About half of the grid electricity in Bangladesh is generated from gas-fired plants and about a fifth of the gas demand is met by imported LNG, according to IEEFA’s Energy Finance Analyst Shafiqul Alam. As the cost of power generation from fossil fuels is rising as opposed to the reducing trend of renewable costs, Bangladesh must utilise this window to quickly increase its share of renewable power, Alam told Gas Outlook.

It is not only South Asia but Europe and other Asian economies like Japan and South Korea that are worried about tight markets and high prices. The situation is only set to worsen as China eases Covid restrictions. However, South Asia is worse-off as it can afford LNG only at high single or low double-digits per million Btu.

The high prices of LNG have forced India to look again at its own domestic gas prices that are tied to international hubs like the National Balancing Point, Henry Hub and AECO in Alberta. A panel, constituted by the government to recommend a fair gas price for consumers, has advocated for linking gas prices with crude oil instead and set a floor price of $4/MMBtu and a cap of $6.5/MMBtu for gas produced by state-owned explorers from legacy fields that were handed over to them without any auction.

India’s Petronet LNG recently faced a tank top – as in, maximum capacity – scenario at its Dahej LNG terminal as the off-takers would not buy costly liquified gas. They have switched to oil instead. For the April-October period of the current financial year that began April 1st, India’s LNG import bill has jumped 64% on year to $11.5 billion even as volumes have declined 11.2% to 16.876 billion cubic meters.
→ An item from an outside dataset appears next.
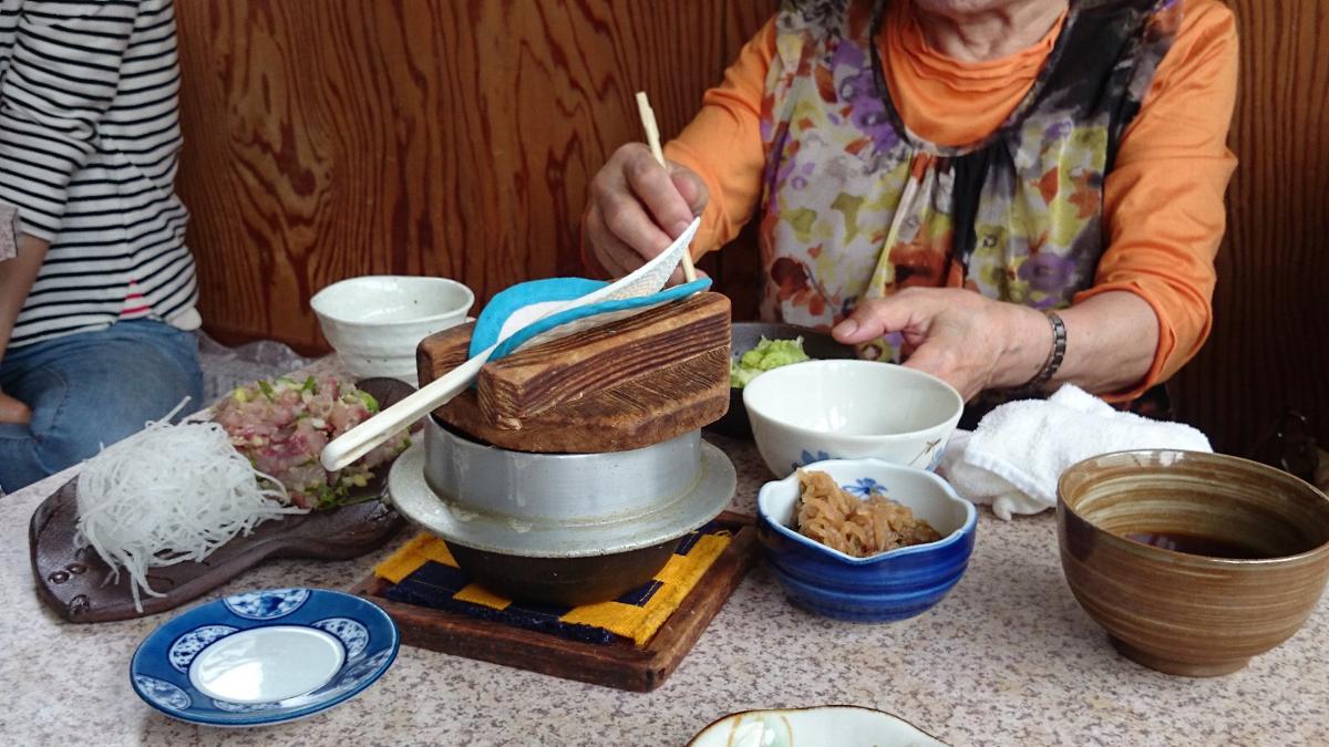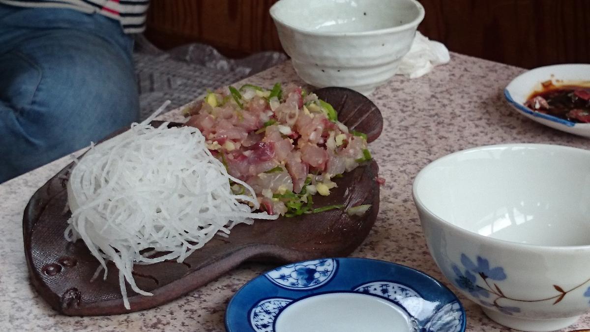 ここでの腹ごしらへは長八美術館前のさくら家さん あじのたたきは絶品 何より若者人気の品 理由「ナマをおかずに食べて半分残してまご茶。」ボリュームたっぷりだから高齢者

The International Energy Agency, in a December 6 statement, noted that the global energy crisis has triggered unprecedented momentum behind renewables, with the world set to add as much renewable power in the next five years as it did in the past 20. India, along with China and the United States, will all double their renewable capacity expansion in the next five years. It is time for Pakistan and Bangladesh too to get ambitious on renewable deployment.